Main effects: There was a significant main effect of treatment on HR (F3,138 = 93.13; P<0.001), FAR (F3,138 = 25.08; P<0.001), d’ (F3,138 = 26.77; P<0.001), %Acc (F3,138 = 5.32; P<0.01), C (F3,138 = 91.63; P<0.001), and %FiT (F3,138 = 50.51; P<0.001).

Specific dose effects: HR was dose-dependently reduced by SCH, with significant reductions for 0.02 (P<0.001) and 0.04 mg/kg (P<0.001). FAR was significantly reduced by all SCH doses (P<0.01 for 0.01 mg/kg, P<0.001 for 0.02 and 0.04 mg/kg). These effects on HR and FAR were not reference-dependent. d’ was significantly reduced by 0.04 mg/kg SCH (P<0.001), indicating that SCH worsened discriminative performance. The 0.01 mg/kg dose showed a trend towards dose:reference interaction (P=0.072), where a positive slope indicates that 0.01 mg/kg SCH worsens performance in low-d’ mice and improved performance in high-d’ mice. %Acc was significantly increased by 0.02 (P<0.01) and 0.04 mg/kg SCH (P<0.001), and a trend effect was seen at 0.01 mg/kg (P=0.055). None of these dose effects were reference-dependent. Response criterion, C, was dose-dependently increased by SCH, indicating that SCH induced a more conservative response strategy (P<0.05 for 0.01 mg/kg, P<0.001 for 0.02 and 0.04 mg/kg). %FiT was dose-dependently reduced (P<0.01 for 0.01 mg/kg, P<0.001 for 0.02 and 0.04 mg/kg). None of the doses showed significant dose:reference interactions for the effects on %Acc, C, or %FiT, indicating that these effects were not reference-dependent.

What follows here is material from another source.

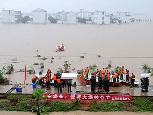 湖北省紧急调动了2000名军警,空投了一万件救生衣。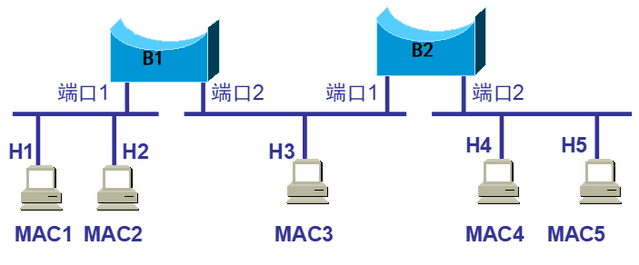 | 发送的帧 | 交换机B1的转发表 | 交换机B2的转发表 | 交换机B1的处理(转发?丢弃?登记?) | 交换机B2的处理(转发?丢弃?登记?) | ||

Latency effects: SCH significantly increased correct latency at 0.02 (P<0.001) and 0.04 mg/kg (P<0.001), whereas there were no significant effects on the incorrect latency at any of the tested doses. All three SCH doses significantly increased reward collection latency (P<0.001).

Raclopride

Main effects: There was a significant main effect of treatment on HR (F3, 134 = 8.14; P<0.001), FAR (F3,134 = 7.94; P<0.001), %Acc (F3,134 = 6.33; P<0.001), C (F3,134 = 13.84; P<0.001), and %FiT (F3,134 = 19.87; P<0.001), and a trend towards a main effect on d’ (F3,134 = 2.31; P=0.079).

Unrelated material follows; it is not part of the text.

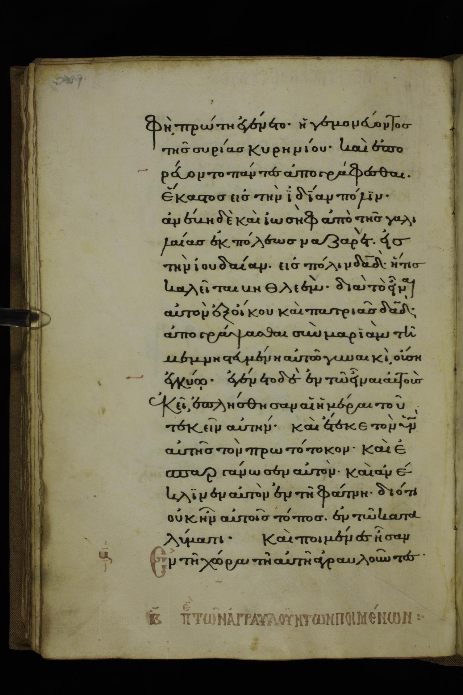 Fourteenth century minuscule of the Gospels on parchment; 332 leaves, 1 column, 20-22 lines per column. Images were taken at the National Library of Greece in Athens.

Specific dose effects: HR was significantly increased by 0.10 mg/kg RAC (P<0.05), but significantly reduced by 0.30 mg/kg RAC (P<0.05). FAR was significantly reduced by 0.30 mg/kg RAC (P<0.001). d’ was increased by 0.10 mg/kg RAC (P<0.05). %Acc and C were both significantly increased by 0.30 mg/kg RAC (P<0.001 for both). %FiT was significantly reduced by 0.10 and 0.30 mg/kg RAC (P<0.001 for both). None of these effects were reference-dependent.

Latency effects: At 0.30 mg/kg, RAC increased correct latency and reward collection latency (P<0.001 for both), but did not significantly affect incorrect latency.

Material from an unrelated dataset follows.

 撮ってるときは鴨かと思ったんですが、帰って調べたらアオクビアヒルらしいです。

Variable stimulus duration schedule

SCH23390

Main effects: There was a significant main effect of treatment on all parameters (HR: F3,131 = 191.46; P<0.001) (FAR: F3,131 = 165.79; P<0.001) (d’: F3,131 = 27.04; P<0.001) (%Acc: F3,131 = 24.80; P<0.001) (C: F3,131 = 255.70; P<0.001) (%PR: F3,131 = 84.47; P<0.001).

Specific dose effects: HR was dose-dependently reduced by SCH (P<0.001 for all doses). The dose:reference interaction was near-significant for the 0.02 mg/kg dose (P=0.058) and significant for the 0.04 mg/kg dose (P<0.01), which showed a stronger effect in high-HR mice. FAR was significantly and dose-dependently reduced by all SCH doses (P<0.001), and the 0.01 mg/kg dose showed a trend dose:reference interaction (P=0.087), while both 0.02 and 0.04 mg/kg showed significant dose:reference interactions (P<0.05 for both). All doses reduced FAR more prominently in high-FAR mice. d’ was significantly reduced by 0.02 (P<0.05) and 0.04 mg/kg SCH (P<0.001). The 0.01 mg/kg dose showed a significant dose:reference interaction (P<0.01), worsening performance more prominently in high-d’ mice. %Acc was dose-dependently increased by SCH (P<0.01 for 0.01 mg/kg, P<0.001 for 0.02 and 0.04 mg/kg), but these effects were not reference-dependent. C was dose-dependently increased by SCH (P<0.001 for all doses). The 0.02 (P<0.05) and 0.04 mg/kg doses (P<0.01) showed significant dose:reference interactions, generally increasing C, but mostly in low-C mice. %PR was dose-dependently decreased by SCH (P<0.001 all doses), and the 0.04 mg/kg dose showed a trend towards a reference-dependent effect (P=0.083), decreasing impulsivity mostly in high-%PR mice.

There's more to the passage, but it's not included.